For the last 30 years I have been growing food in a closed loop garden – no waste ou tand no input of fertilizers or pesticides. Organic food growing has been a major part sustainable food growing in cities, towns, and villages for many years. That is how this web site was born, it was the first organic gardening site in the UK and designed to demonstrate that organics was not some sort of magic but just a more sensible and sustainable way to grow food.

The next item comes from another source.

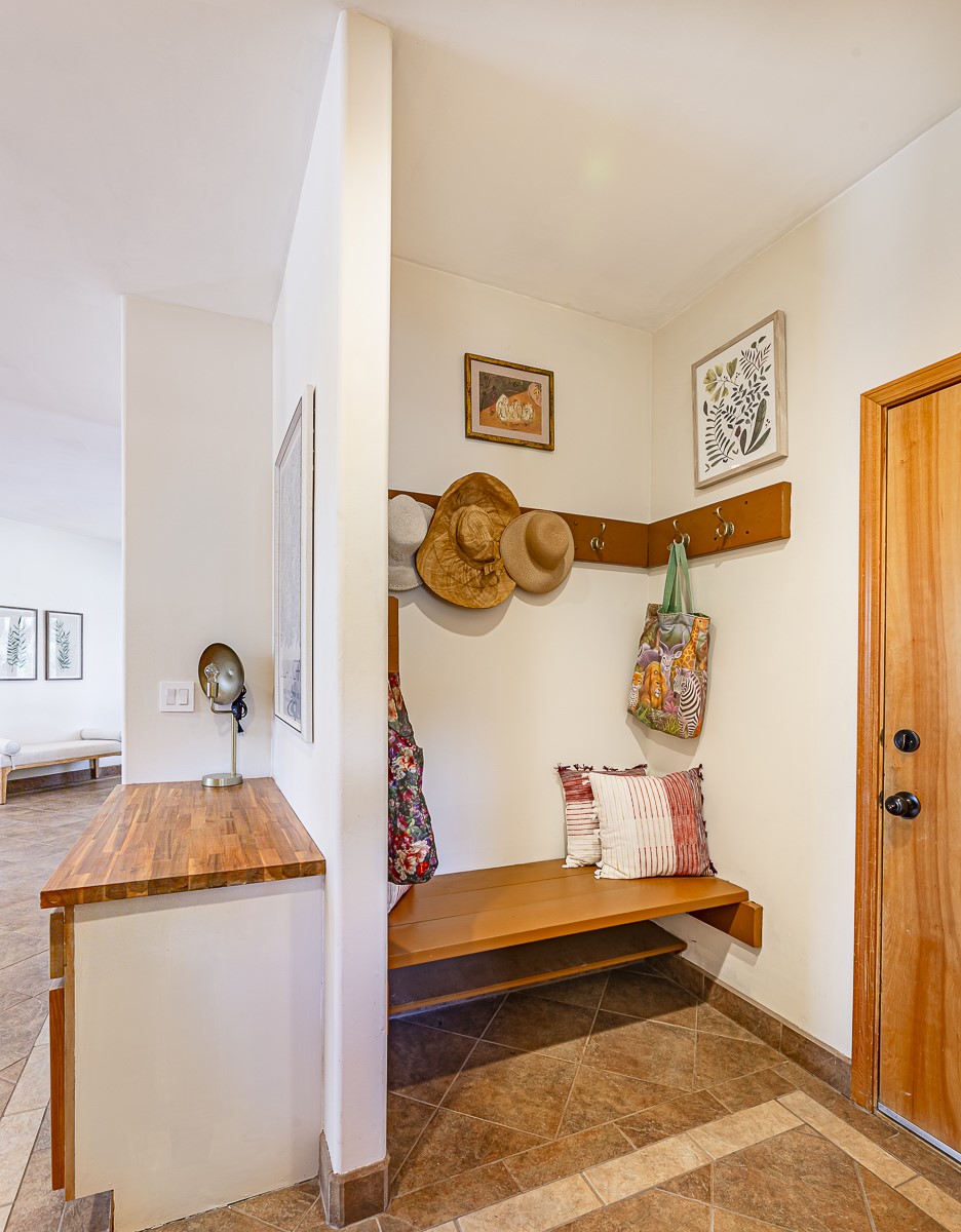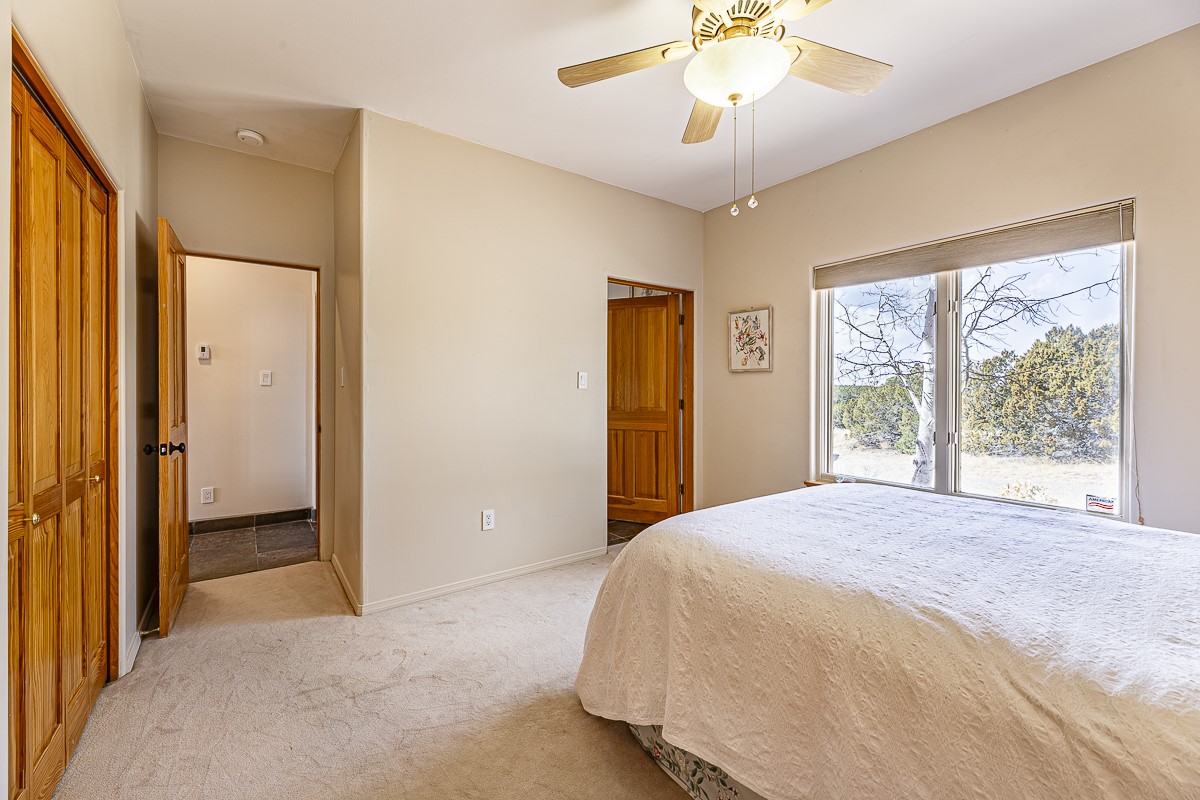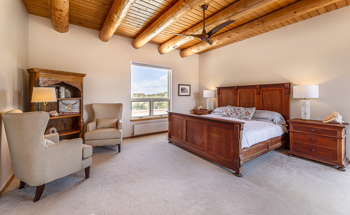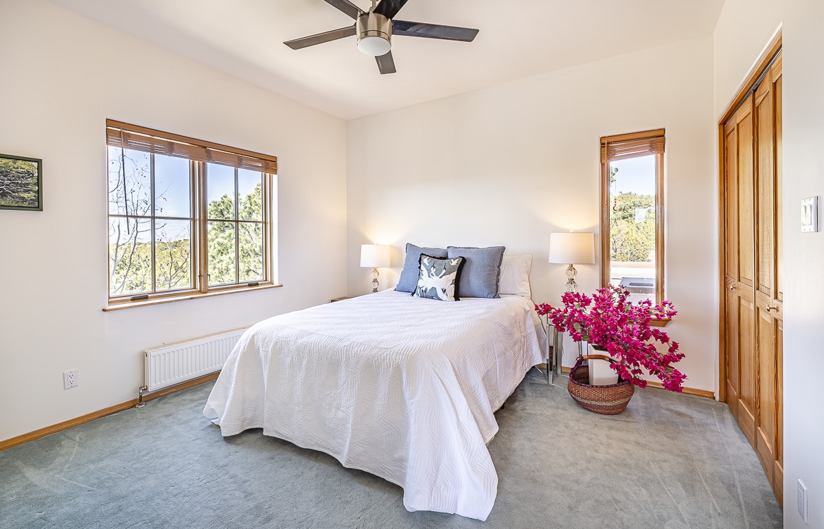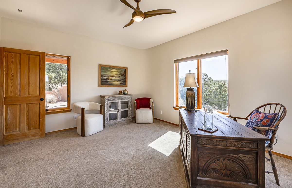 Welcome to the tranquil community of La Mariposa - at a great price! This light filled home has been extensively updated with beautiful, new hardwood floors, new lighting, a hot water on demand water heater, and hot water baseboard heat to the studio. The primary bedroom suite offers a private patio with stunning views of the Sangre de Cristo Mountains. With outdoor patios throughout, this home offers lots of privacy and serenity. The open concept kitchen is quite spacious for gatherings, with a large pantry and intimate seating areas. The back portal, located off of the dining room, is perfect for outdoor dining during the warm weather, with a water fountain nearby. The mature gardens surrounding the home are breathtaking in bloom and include mature apple, peach, cherry, and pear trees. There is also a greywater system for the landscaping. The heated studio is privately located off the garage with its own exterior entrances. There are no steps from the studio and throughout the first floor of the house. This home has lots to offer!

But why concventrate on food? The facts say it all. When the amount of CO2 produced by the production of food and from food waste if food were a country it would rankas the thrird biggest polluter behind China, and the US.

There is no universal one-size-fits-all solution. The best way start is to grow at least some of you own food even if you have no garden, you can use small, recycled l containers.

A new way to think about growing food
In the UK many put their gardens to bed for winter and that is when the ‘season’ is seen to end. There may be some brassicas left ready for Christmas but o the whole we still tend to think of a shortish summer season and then a long rest!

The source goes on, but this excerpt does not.